Data records:
=== Begin Enclosure ===

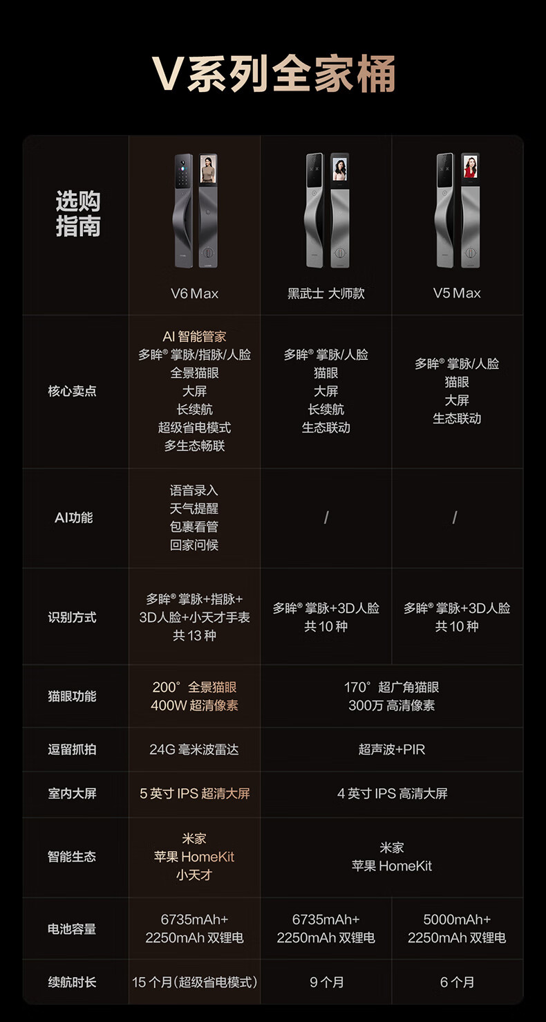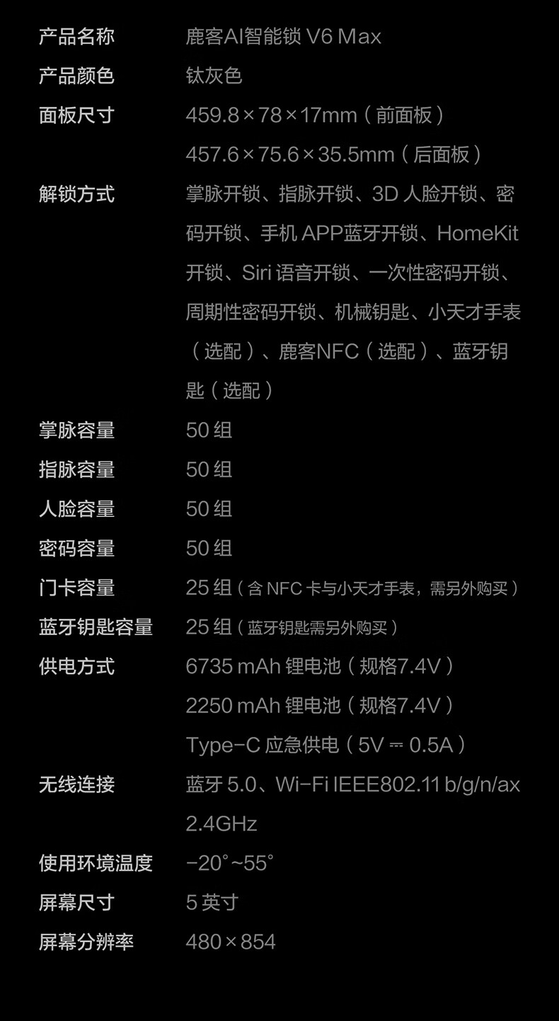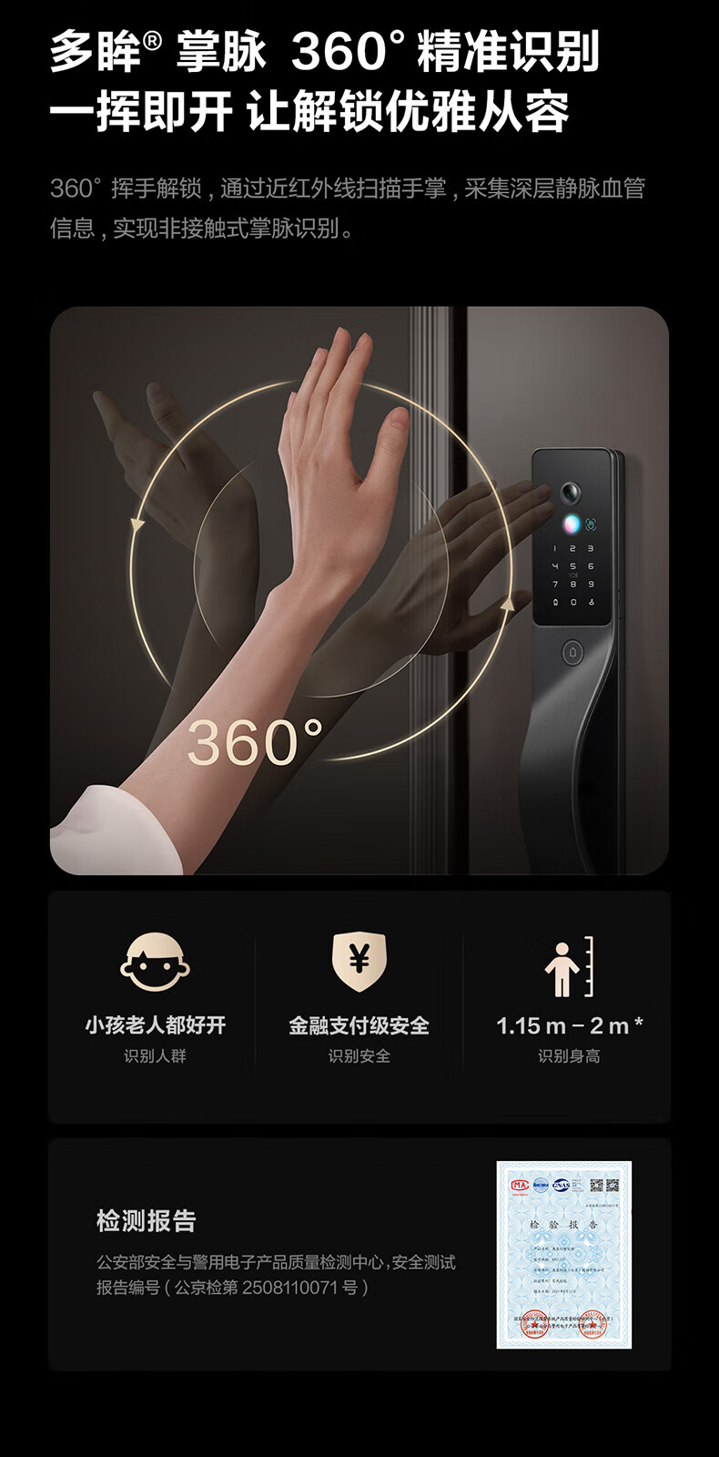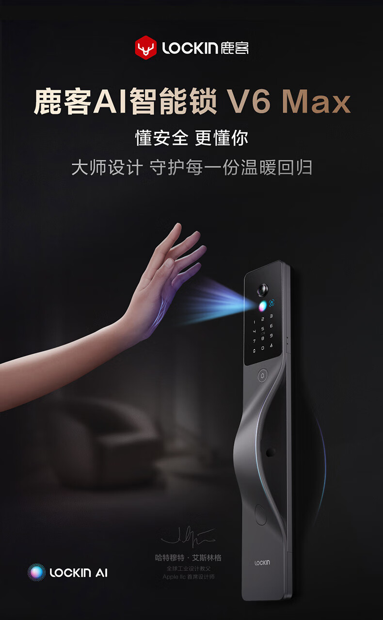 鹿客AI智能门锁掌静脉人脸识别全景猫眼大屏密码锁电子锁V6 Max左开
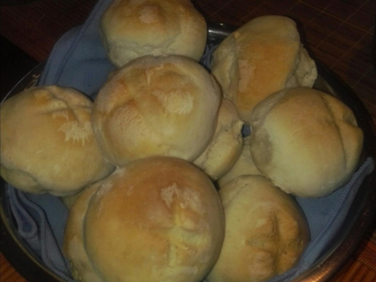 Pon los pancitos en una asadera y lleva al horno 40 minutos a 180 grados y sirve caliente
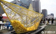 (조세금융신문=전한성 기자) '세월호 참사 1주기'를 앞둔 13일 오후, 서울 광화문광장에 희생자 추모 메시지를 적은 노란 종이배를 접어 넣은 대형 모형배가 설치되어있다.
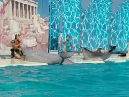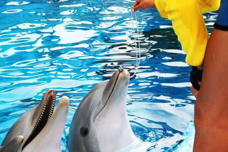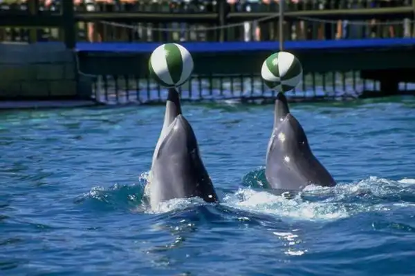 Цирковые выступления дельфинов демонстрируются во многих океанариумах и дельфинариумах, вызывая большой восторг публики. Дельфины прыгают в заклеенные бумагой или горящие обручи, играют в футбол, передвигаются на хвосте, катают на спине всадника, «поют» перед микрофоном, звонят в колокол и т. д.
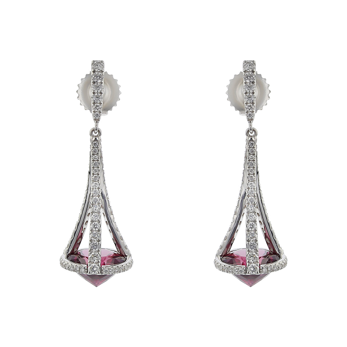 Pastel Diamond Chandelier Garnet Drop Earrings
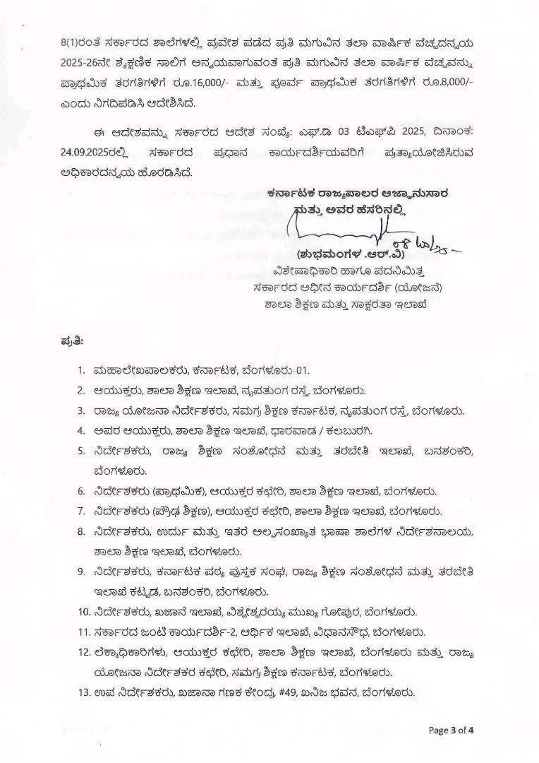8(1)ರಂತೆ ಸರ್ಕಾರದ ಶಾಲೆಗಳಲ್ಲಿ ಪ್ರವೇಶ ಪಡೆದ ಪ್ರತಿ ಮಗುವಿನ ತಲಾ ವಾರ್ಷಿಕ ವೆಚ್ಚದನ್ವಯ 2025-26ನೇ ಶೈಕ್ಷಣಿಕ ಸಾಲಿಗೆ ಅನ್ವಯವಾಗುವಂತೆ ಪ್ರತಿ ಮಗುವಿನ ತಲಾ ವಾರ್ಷಿಕ ವೆಚ್ಚವನ್ನು ಪ್ರಾಥಮಿಕ ತರಗತಿಗಳಿಗೆ ರೂ.16,000/- ಮತ್ತು ಪೂರ್ವ ಪ್ರಾಥಮಿಕ ತರಗತಿಗಳಿಗೆ ರೂ.8,000/-ಎಂದು ನಿಗದಿಪಡಿಸಿ ಆದೇಶಿಸಿದೆ.
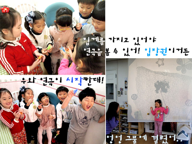 어린이들은 스크린 앞, 뒤로 매체를 올려 어떻게 비치는지 확인 후 빛이 없는 스크린 뒤에서는 관람을 하고, 빛이 있는 스크린 앞에서는 연극을 하기로 합니다. 이렇게 해서 어린이들은 지금껏 본 극 경험을 생각하며 나름대로의 극을 진행합니다. 그러나 배경과 어울리는 이야기긴 하지만 아직은 이야기의 연결이 부자연스러운 부분이 많았으며 관람하는 사람들도 잘 들리지 않고, 이해가 안 된다며 이야기를 합니다. 이렇게 이야기 전개를 계획하지 않고 시작한 어린이들의 극 놀이는 금방 끝나버립니다.
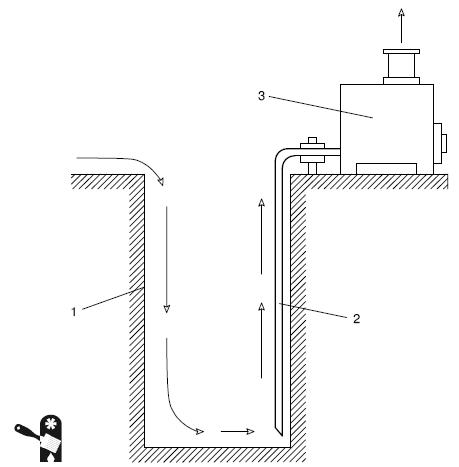 Рис. 1.25.Удаление из колодца вредных газов с помощью печки: 1 – колодезная шахта; 2 – вентиляционная труба; 3 – печка
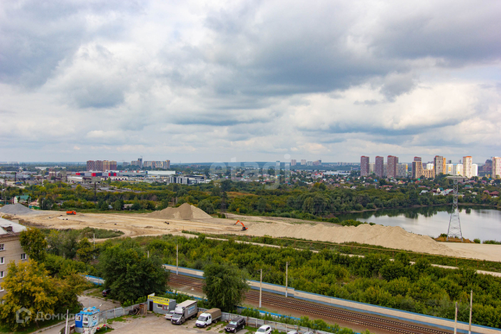 - вид из квартиры на придомовую территорию с детской площадкой, на два моста, на реку Обь и озеро.

=== End Enclosure ===

• What is needed: From the line with "8(1)ರಂತೆ ಸರ್ಕಾರದ ಶಾಲೆಗಳಲ್ಲಿ" up to and including the line with "어린이들은 스크린 앞, 뒤로" above, retype every line exactly and nothing more; leave out the pictures.

• Exercise solution:
8(1)ರಂತೆ ಸರ್ಕಾರದ ಶಾಲೆಗಳಲ್ಲಿ ಪ್ರವೇಶ ಪಡೆದ ಪ್ರತಿ ಮಗುವಿನ ತಲಾ ವಾರ್ಷಿಕ ವೆಚ್ಚದನ್ವಯ 2025-26ನೇ ಶೈಕ್ಷಣಿಕ ಸಾಲಿಗೆ ಅನ್ವಯವಾಗುವಂತೆ ಪ್ರತಿ ಮಗುವಿನ ತಲಾ ವಾರ್ಷಿಕ ವೆಚ್ಚವನ್ನು ಪ್ರಾಥಮಿಕ ತರಗತಿಗಳಿಗೆ ರೂ.16,000/- ಮತ್ತು ಪೂರ್ವ ಪ್ರಾಥಮಿಕ ತರಗತಿಗಳಿಗೆ ರೂ.8,000/-ಎಂದು ನಿಗದಿಪಡಿಸಿ ಆದೇಶಿಸಿದೆ.
 어린이들은 스크린 앞, 뒤로 매체를 올려 어떻게 비치는지 확인 후 빛이 없는 스크린 뒤에서는 관람을 하고, 빛이 있는 스크린 앞에서는 연극을 하기로 합니다. 이렇게 해서 어린이들은 지금껏 본 극 경험을 생각하며 나름대로의 극을 진행합니다. 그러나 배경과 어울리는 이야기긴 하지만 아직은 이야기의 연결이 부자연스러운 부분이 많았으며 관람하는 사람들도 잘 들리지 않고, 이해가 안 된다며 이야기를 합니다. 이렇게 이야기 전개를 계획하지 않고 시작한 어린이들의 극 놀이는 금방 끝나버립니다.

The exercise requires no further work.